◆ **INSTRUCTIONS FOR THE TASK**:
Copy, exactly and without additions, every line in the records below from the one holding "Lichfield war memorial before" through the one holding "Attention has been", both ends included.

◆ **GIVEN INFORMATION**:
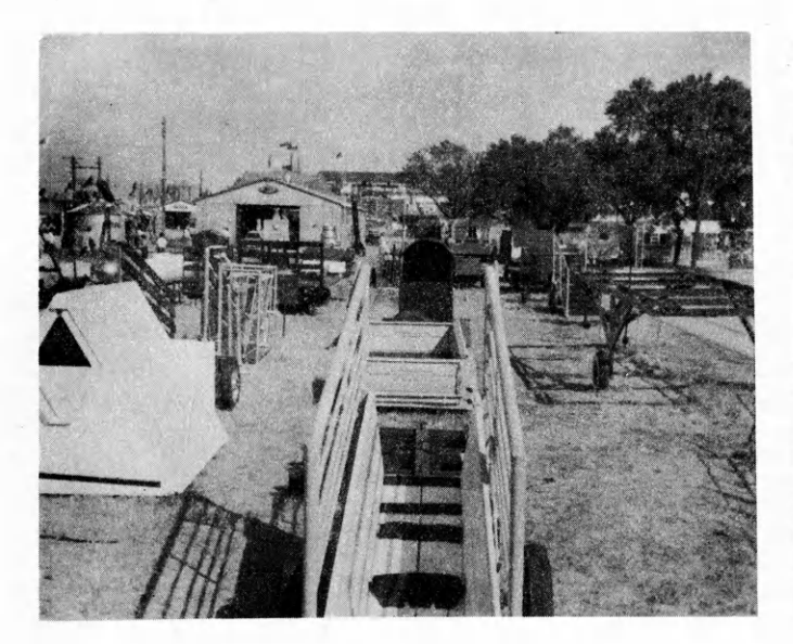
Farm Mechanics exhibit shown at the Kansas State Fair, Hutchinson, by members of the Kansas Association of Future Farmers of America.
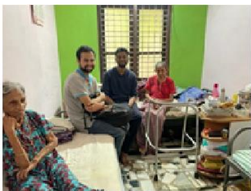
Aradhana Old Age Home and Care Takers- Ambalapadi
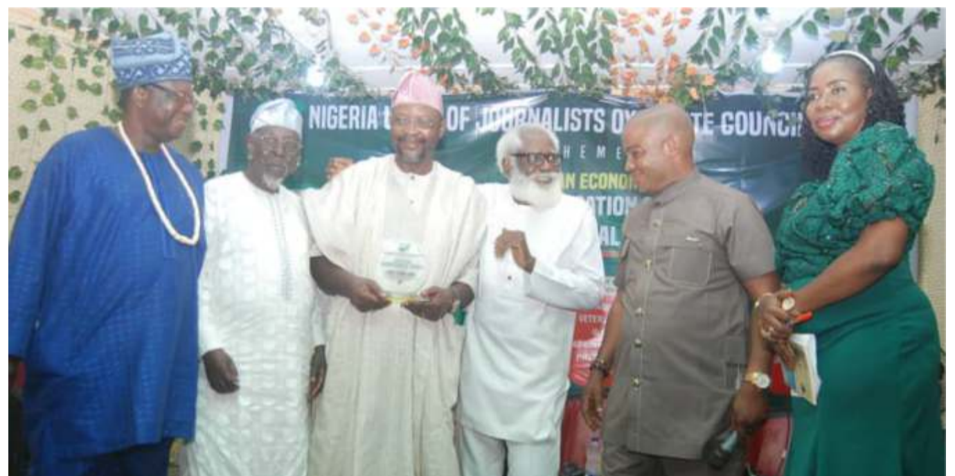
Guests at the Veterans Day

==

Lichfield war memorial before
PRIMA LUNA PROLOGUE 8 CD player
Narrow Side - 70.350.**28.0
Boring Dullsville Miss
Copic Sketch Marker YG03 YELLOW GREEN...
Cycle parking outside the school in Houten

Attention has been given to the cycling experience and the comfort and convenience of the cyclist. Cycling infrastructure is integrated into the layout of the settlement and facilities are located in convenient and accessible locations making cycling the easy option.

◆ **SOLVED PROBLEM**:
Lichfield war memorial before
PRIMA LUNA PROLOGUE 8 CD player
Narrow Side - 70.350.**28.0
Boring Dullsville Miss
Copic Sketch Marker YG03 YELLOW GREEN...
Cycle parking outside the school in Houten

Attention has been given to the cycling experience and the comfort and convenience of the cyclist. Cycling infrastructure is integrated into the layout of the settlement and facilities are located in convenient and accessible locations making cycling the easy option.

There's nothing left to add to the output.